This chapter, though, led to a very interesting discussion in our group about the importance of regularly recounting our own history.  History, we concluded, is a dead set of facts until it is retold.  The Jews at the time of Nehemiah understood this and ‘remembering’ their history was, (and continues to be), an important part of their high holy days.  But REMEMBERING is not simply recalling!  It is a retelling of the events with interpretation from a perspective.  In the case of the Israelites during the restoration, it was an act of seeing God’s steadfast love and abiding with them through all that happened--good and bad.

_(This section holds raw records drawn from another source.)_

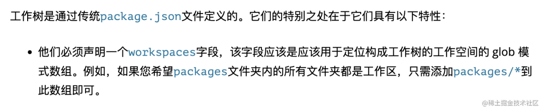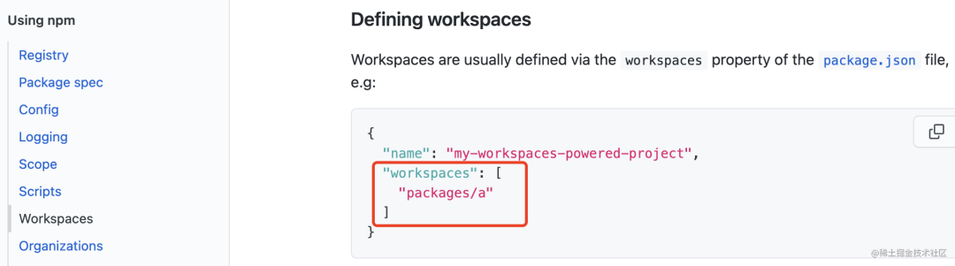 这里用的是 npm workspace: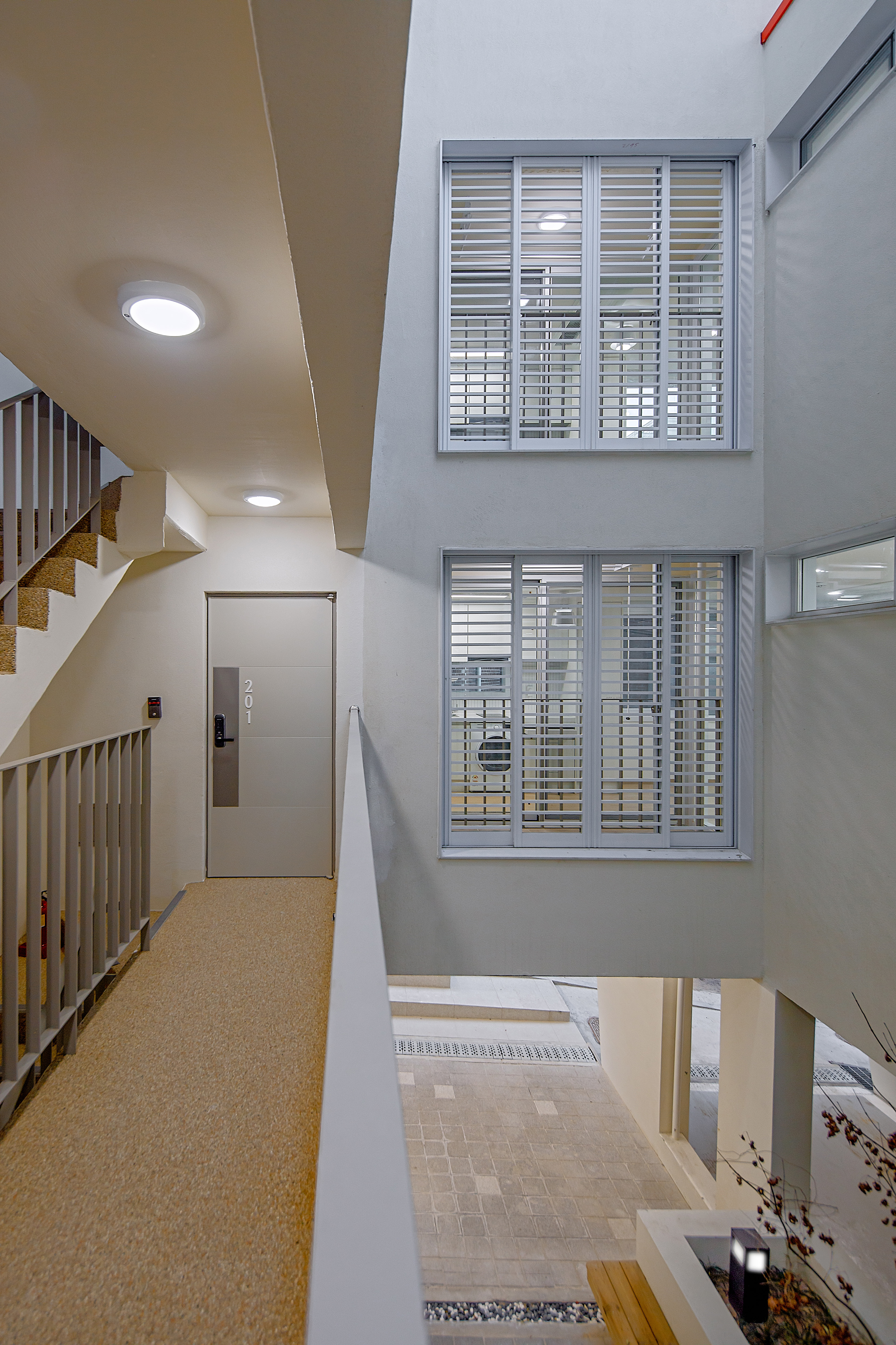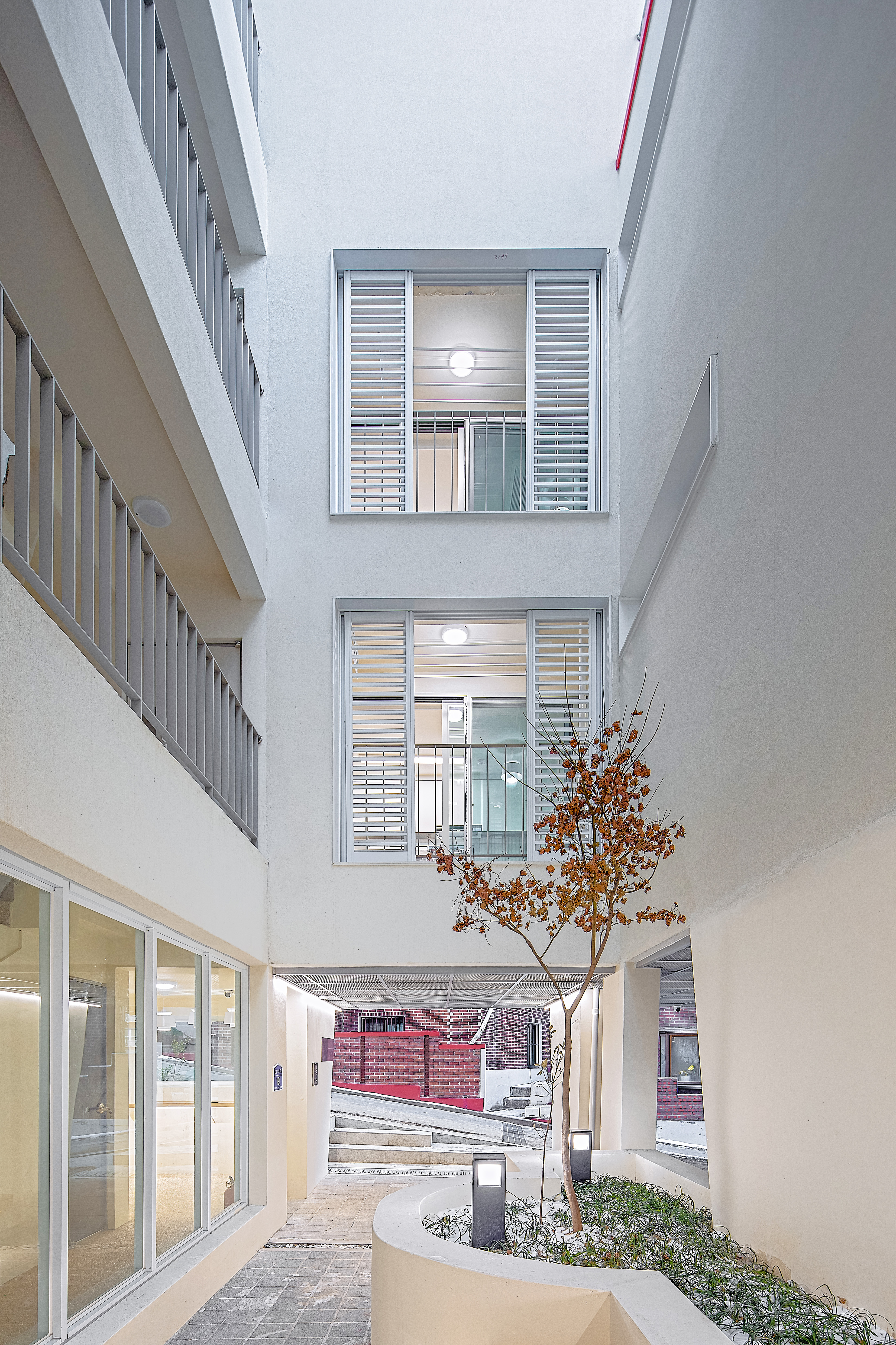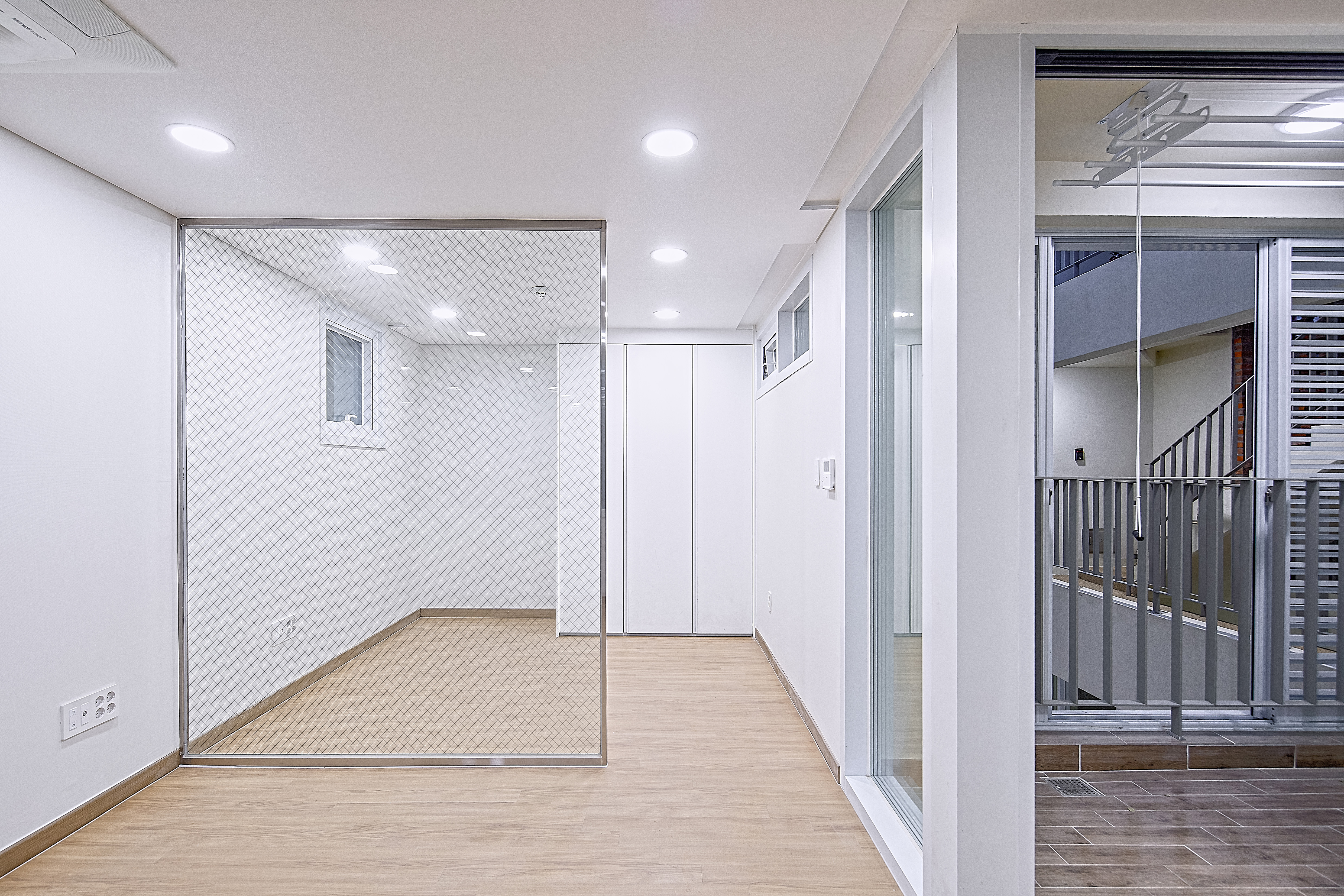 1층의 로비 전면에는 이웃 간 담소를 나누고 쉬어 갈 수 있는 바 테이블, 벤치, 화단을 배치하고, 내부 마당에는 단풍나무를 식재했다. 건축가는 이를 통해 이웃 간 담소를 나누고 쉬어 가는 공간을 마련하고자 했다. 거주자들은 중정 벤치에 앉아 짧은 휴식을 취하고 하늘을 올려다볼 여유를 가지게 된다. 이 집에 함께 사는 이웃들은 같은 시간, 같은 장소에서 마주하지 않더라도 느슨한 친밀감을 느낄 수 있을 것이다.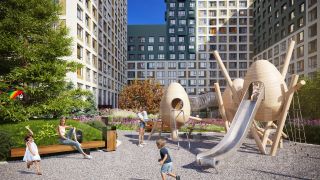 Премиум кварталы ''Маяковка'' представляют собой архитектурную композицию, сочетающую в себе высотные башни и пять дворовых блоков. Это величественное сооружение высотных башен существенно выделяется на фоне городского ландшафта, создавая привлекательный и изысканный облик района, формируя город в городе.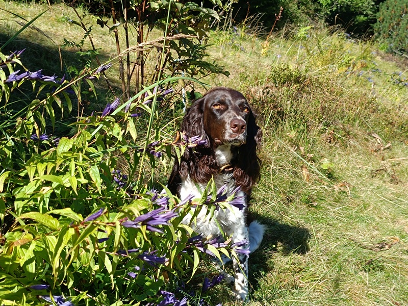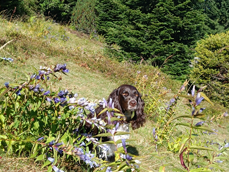 Es geht von da aus bergauf bis zum Hallerhaus. Es war mittlerweile schon Mittagszeit und man könnte eine Kleinigkeit essen. Die Terrasse sah allerdings überfüllt aus , alle Schattenplätze belegt, und mit den Hunden bleibe ich lieber im freien.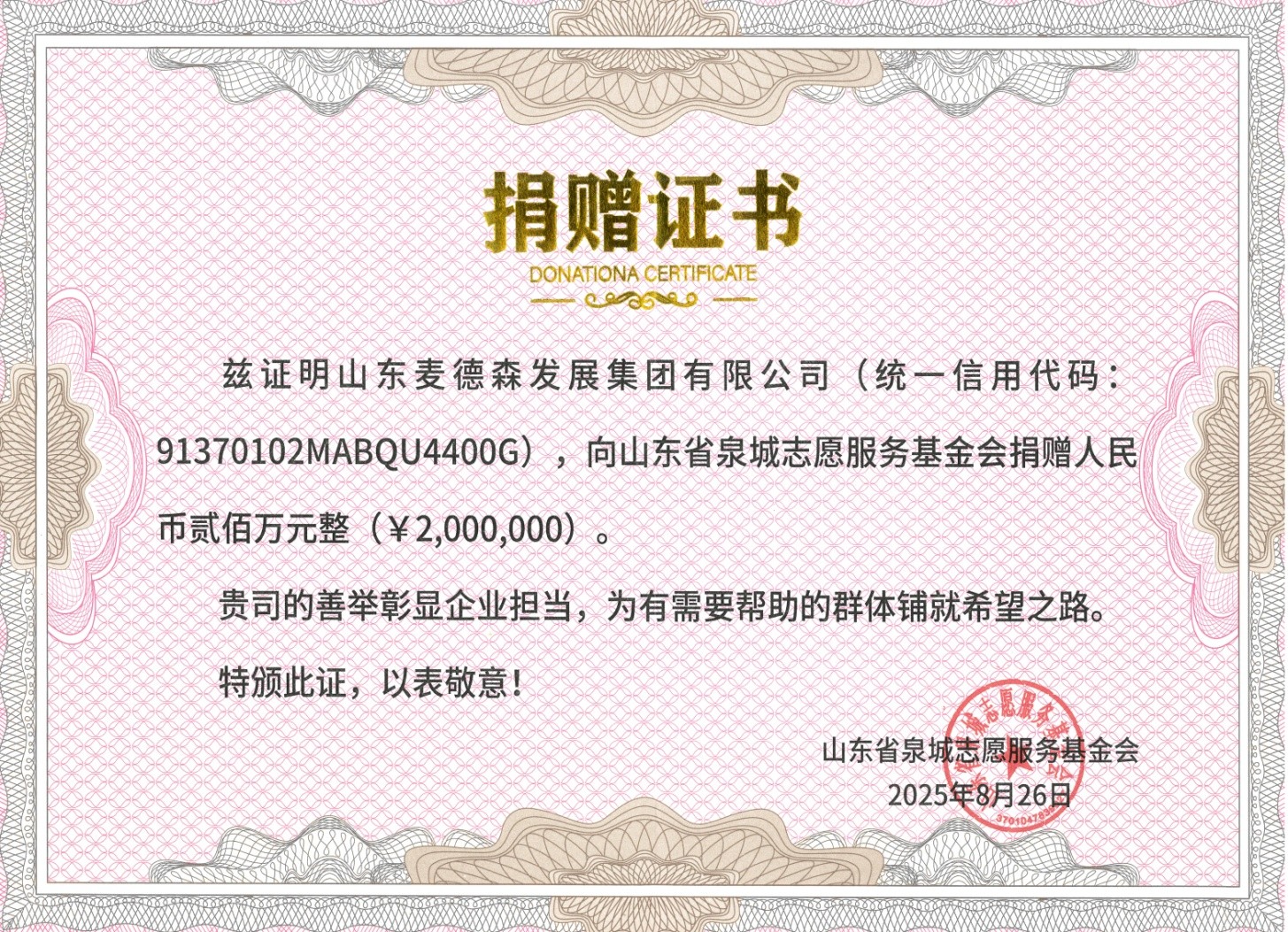 山東麥德森發(fā)展集團始終秉承“扛著黨旗創(chuàng)業(yè),戴著黨徽奉獻”的政治信念,探索總結“長鼓型”黨建工作式,實現(xiàn)企業(yè)發(fā)展與黨建工作“共商共建共享”。多年來,企業(yè)持續(xù)秉承“內求利他、濟世立功”的價值觀,在扶殘、助學、脫貧攻堅、鄉(xiāng)村振興等領域勇?lián)鐣熑危塾嬀杩罹栉?000余萬元。在承擔社會公益逐步走向制度化、規(guī)范化的同時,努力探索獨具特色的麥德森公益之路。

But what about us now?  I realize from my life, and especially in preparing for Christmas that what we call ‘traditions’ actually function in the same way.  It is not a mere repeating of past events or going through the motions of ‘what we always do’, but it is, rather, an act of ‘remembering’--a very present and future-looking activity based on an interpretation of the past.  We are ‘remembering’ things to our children that we consider important when we practice them in a ritual of repetition.  In our small group we recognized together the error that we as parents may make in thinking that our children unconsciously absorb or intuit our values by osmosis, without the intentional act of telling and reminding them.  Our children learn about us and our values in the times we take to ‘remember’ things to them.  Grandparents are great ‘rememberers’.   Children really love to be ‘remembered’ to, but often those of us in between childhood and old age tend to find the whole exercise a bit redundant.  We are often hurrying heedlessly through the very ‘productive’ years of our lives and can miss out on this very important activity.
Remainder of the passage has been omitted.